Hi I have a Mountfield 1538M-SD Lawn tractor that uses a 5 speed Peerless MST-205-535H manual (not hydrostatic) transmission. Yesterday I was unable to pull away on the tractor - reverse or forward. Obviously the drive belt may be slipping although I am not totally convinced that is the case as this problem came on quite suddenly after I had been using the tractor without issue for half an hour or so.With the belt removed i can see that turning the pulley on the transmission makes the wheels go round with the back of the tractor jacked up. I can see turning one wheel the other goes backwards. I am able to change through the gears ok.

Are there any simple tests that I can carry out to see if the transmission is sound? Dumb question - if the tractor is in gear should I be able push the tractor along by hand? I can btw. I am trying to establish whether I have a drive belt/pulley type issue or whether the transmission itself is at fault before I remove it for inspection/disassembly etc. Thanks in advance.


----------



## EdF (Sep 15, 2014)

Hello colinp, welcome to the tractor forum.

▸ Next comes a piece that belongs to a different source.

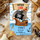 Ahoy, Matey! Mit dieser lustigen Einladung bereiten Sie sich auf eine abenteuerliche Geburtstagsfeier zum Thema Piraten vor. Mit einem Piratenschiff, einem Schatz und einem Papagei ist dieses Design perfekt für kleine Kapitäne, die auf ihrem besonderen Tag segeln. Personalisieren Sie es mit dem Namen, dem Alter und den Party-Details für ein waschkitzliges Fest.

One check comes to mind, energize the clutch to see if the belt turns the trans drive pulley. If so, does the shaft turn with the pulley? If not, you have a sheared key between the drive pulley & shaft. If the shaft is turning but the wheels don't turn, you have a internal trans problem. 

You should be able to push the mower if the clutch is not engaged (belt is slack)


----------



## colinp007 (2 mo ago)

Thanks EdF I am leaning towards an internal trans problem based on that then


----------